Apesar do entusiasmo coletivo, será impossível esquecer a dura realidade local. O próprio futebol da Palestina está constantemente marcado pelos embates contra Israel. "É afetado pela turbulência política. O conflito (de 2014) em Gaza nos causou graves dificuldades em todo o esporte", disse ao site da Fifa o artilheiro da seleção, Nu'man.
Israel, que controla as fronteiras palestinas, se acostumou a não autorizar a ida de jogadores da Palestina para partidas no exterior, mesmo quando a seleção mandava jogos em campo neutro. Alega motivos de segurança. Atletas foram presos, acusados de colaborar com guerrilheiros, inclusive levando dinheiro, celular e mensagens em voos do selecionado.

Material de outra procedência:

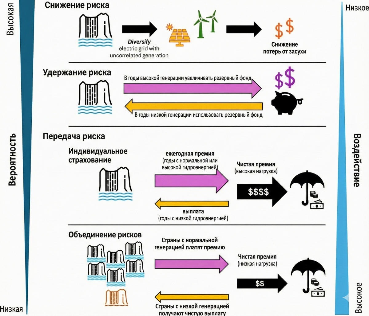 В исследовании под названием «Глобальное объединение рисков смягчает финансовые последствия засухи в странах, зависимых от гидроэнергетики» предлагается подход совместного страхования. Он позволяет распределить риски засухи между несколькими странами. Поскольку засушливые условия редко затрагивают все регионы одновременно, объединение страховых контрактов в общий пул снижает общую подверженность рискам и, как следствие, уменьшает размер страховых взносов.

Foi por não comparecer ao duelo em Cingapura que a Palestina caiu nas Eliminatórias do Mundial de 2010. Na edição de 2014, pesaram os desfalques retidos pelos israelenses.
Os dois territórios atuais da Palestina - Cisjordânia e Gaza - possuem campeonatos, mas inexiste uma liga nacional porque Israel restringe o trânsito de palestinos entre as duas regiões. "É praticamente impossível viajar de uma à outra. Suponho que seja o único caso no mundo e só mostra o que os palestinos precisam tolerar", contou ao A TARDE o meia da seleção Jaka Ihbeisheh, de 28 anos, esloveno filho de palestino.
"As dificuldades que meus colegas experimentam por causa dos israelenses não influenciam a atmosfera da seleção. Apenas nos motivam mais", acrescentou.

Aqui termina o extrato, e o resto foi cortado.